1980年の小説。たしか映画を観た覚えがあるが、小説を読むのははじめてだ。ある時代の日本の地方都市の生態をしっかりと切り取っていて、作家の力量を強く感じる。経済成長の波に飲み込まれて、代々続く農地を高値で売り払い、にわか成金になったいくつもの家族の生活がすっかり変わってしまう。主人公の満夫は、林立する団地のそばに残った小さな土地にビニールハウスを建てて、トマト栽培をしている。毎日、毎日収獲しては農協に持って行くが、夏になるとトマトの生育が早くなり、売れ残る前にさばこうと団地で販売をはじめる。
土地を売った金で建て換えた家は、やたら大きく、開けたことのない部屋さえある。父親は金を持って出ていき、女と暮らしはじめる。農地をなくし、働く場をなくした母親は建築現場に日雇いで出かけていく。親友の広次も工事現場で働いている。

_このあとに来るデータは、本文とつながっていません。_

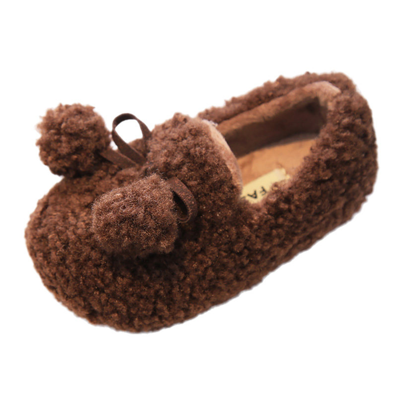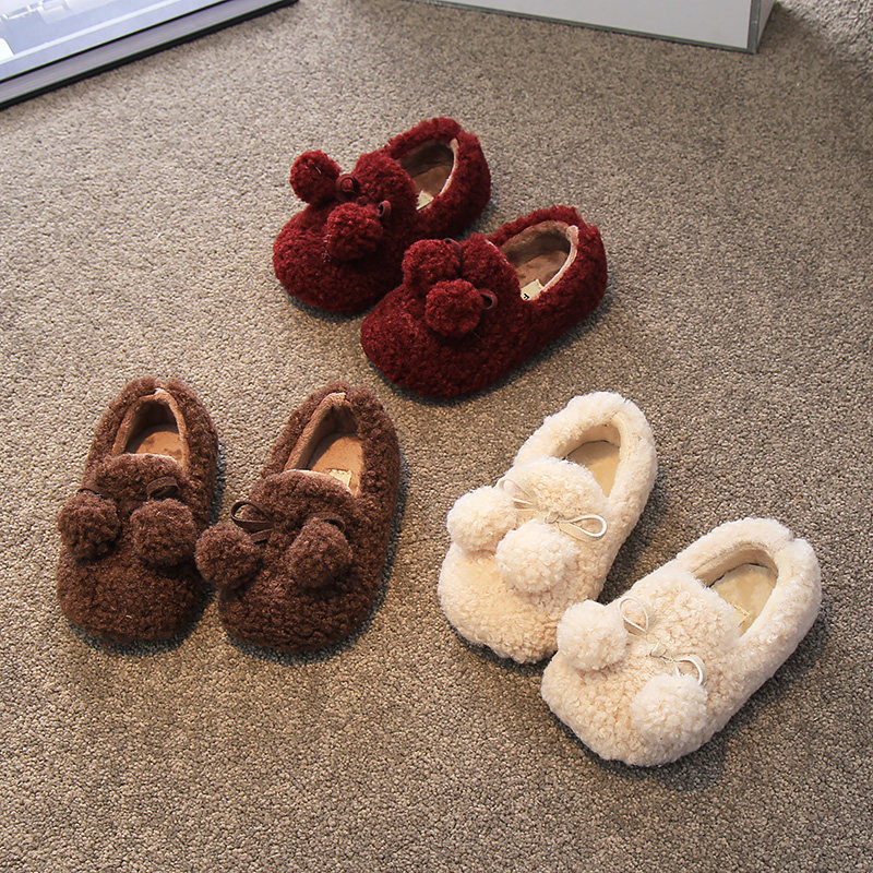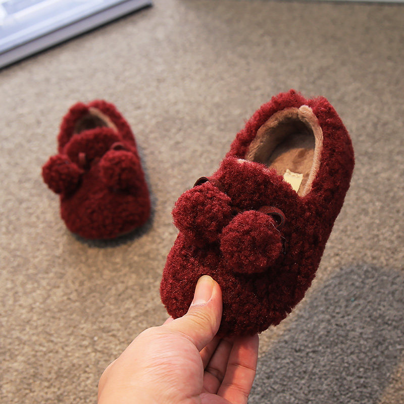 女童毛毛鞋红色宝宝二棉鞋子公主鞋2024冬季款儿童小童豆豆鞋加绒
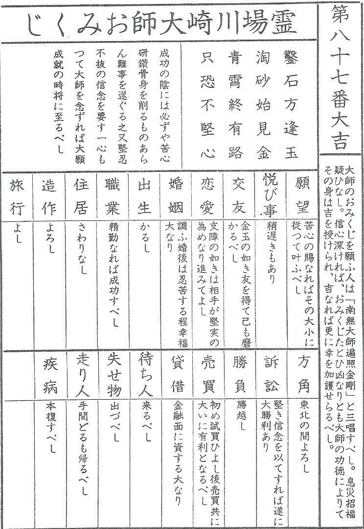 この通り、大吉だった。最近どうした川崎大師。過去にはずっと凶を引かせ続け、一年を暗く彩っておったではないか。もう川崎大師も年を取り腰が引けてきたのだろうか。

祖母はぼけはじめている。兄は家を出ていったが、自分の家のローンを払うのに、親父が手にした金の一部をあてにしている。団地にできたスナックでは、主婦が交代で店番をしている。暇を待て余した主婦と、わかい満夫と広次。日常の中から生まれる事件。この小説には通奏低音のように絶望感がずっとつきまとう。
日本中の市町村が一億円という地方創生交付金をもらって、血迷ったのは1988年から1989年のこと。土佐の町では、鰹の純金像を造り、盗まれた。山梨の町では、日本一長い滑り台を作り、三日後に日本一でなくなった。青森の村では、自由の女神像を建てた。緯度がアメリカの自由の女神像と同じだからということで。
この物語の舞台は千葉だ。都会と田舎の両方を感じる場所。貧乏生活とあぶく銭。農地が住宅地になっていく時、人々の暮らしは変わる。価値観が変わる。考えたこともなかった大金に翻弄される。発表されてから、30年近くたって読むと、これは日本特有の話でもないのだと感じる。単調だと思っていた人生が、お金によって狂わされる。金とは無縁の農家の生活で、あきらめ続けていた人生をあぶく銭で取り戻そうとする。自分は何をしたい人なのか。その問いは、どんなときも、どこの国に住んでいても、いくつになっても、なにか人生の節目のような時に問われることなのだ。満夫は優しい。が、流れには逆らえない。シーンの最後に響き渡る遠雷は何を象徴しているのだろう。新たな不安を予告する雷鳴なのか。雨を降らして、通り過ぎていくだけなのか。雨降って地固まるとでもいいたいのか。まもなくやってくるのは、新たな不安なのか、それを通り越した後の淡々とした日常なのか。